WASHINGTON — Hawaii Congresswoman Tulsi Gabbard is demanding Gov. David Ige fire Bruce Anderson and Sarah Park, two top officials with the state Department of Health who have been leading the response to the growing coronavirus pandemic that so far has claimed the lives of six people in the islands.
Gabbard says both Anderson, who is the state’s director of health, and Park, the state epidemiologist, have put the lives of Hawaii’s residents at risk by their tepid approach to testing for COVID-19 in the community and slow action to contain the virus by delayed implementation of travel restrictions, quarantines and stay-at-home orders.
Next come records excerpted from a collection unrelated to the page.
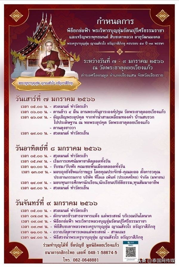 据泰媒报道,此前有消息称缅甸古巴文春大师计划于1月7-9日前往泰国清莱府清盛县Doi Wiang Kaew寺举行相关佛教仪式。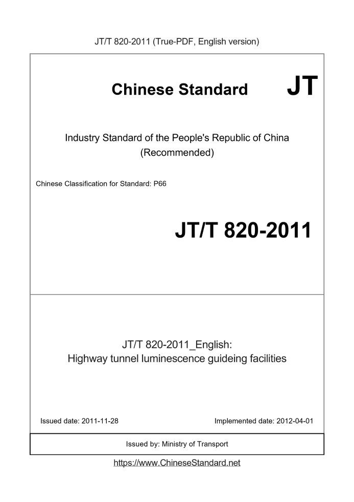 Delivery: <= 3 days. True-PDF full-copy in English will be manually translated and delivered via email. JT/T 820-2011: Highway tunnel luminescence guideing facilities Status: Valid
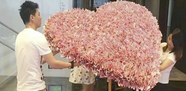 Bukan buket biasa, meÂlainkan yang terbuat dari 3.344 uang kertas 100 Yuan atau Rp 706 juta yang dirangkai sedemikian rupa.
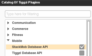 In Tiggzi app builder, select Create New > From Plug-in, then select the StackMob plug-in:
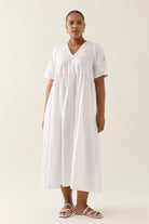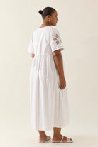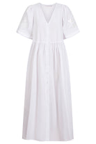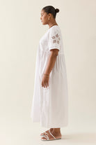 Looking for the perfect summer dress? The Nilsa Dress has arrived. Crafted in breathable cotton poplin with delicate cutwork embroidery and ladder lace, this button-through style balances structure with softness.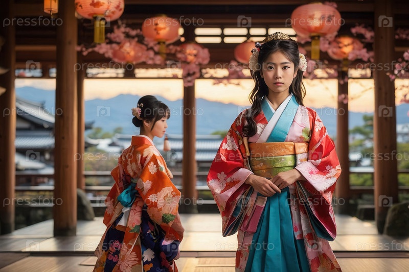 Генеративная женщина в традиционном японском кимоно на фоне архитектуры, открытка ко Дню японской культуры

“Now, Anderson and Park are either grossly out of touch or extremely negligent,” Gabbard said in a video she posted on social media. “If they are allowed to continue, they will unnecessarily be putting the people of Hawaii in greater danger, which will certainly lead to more infections, greater suffering and deaths.”
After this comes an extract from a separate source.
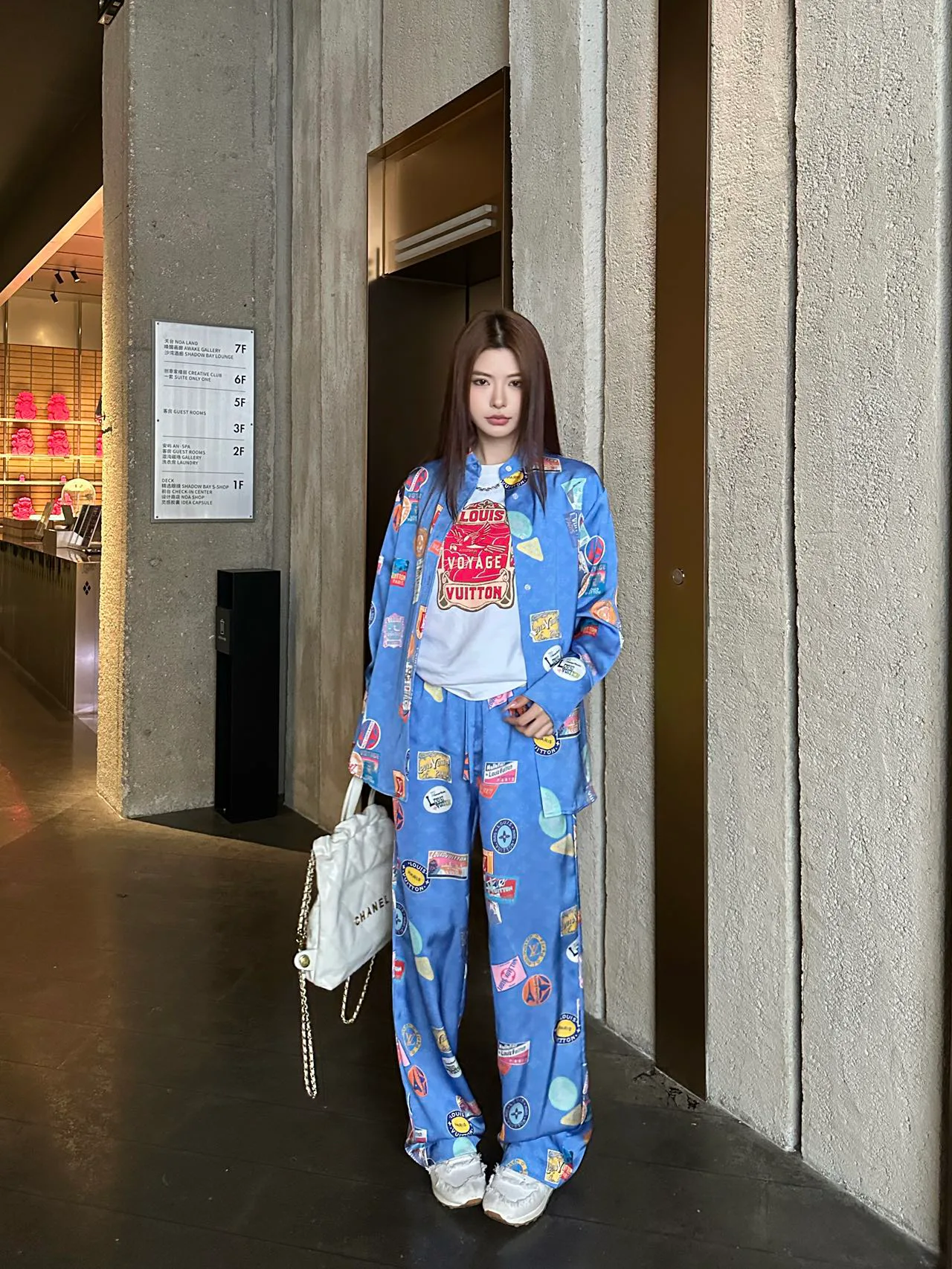 Яркий синий цвет и разнообразные принты, включая узнаваемые логотипы Louis Vuitton, придают образу выразительность и современный шарм. Дизайн отличается оригинальными элементами, которые подчеркивают индивидуальность.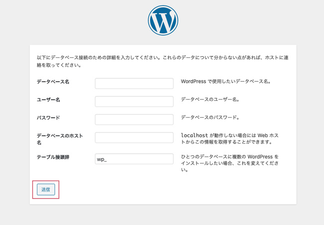 4.下記のデータベースの情報を入力して、送信ボタンをクリック。

The congresswoman says if Ige won’t fire Anderson and Park then he himself should resign and allow Lt. Gov. Josh Green, an emergency room doctor, to take over.
“I do not say this lightly,” Gabbard said, “but our lives and the lives of our loved ones are at stake, and I cannot remain silent.”
… by failing to take necessary actions to protect us from coronavirus. Latest example is their continued refusal to carry out most basic & effective policies to prevent spread of coronavirus: contact tracing, testing & isolation of those who’ve been in contact with the disease.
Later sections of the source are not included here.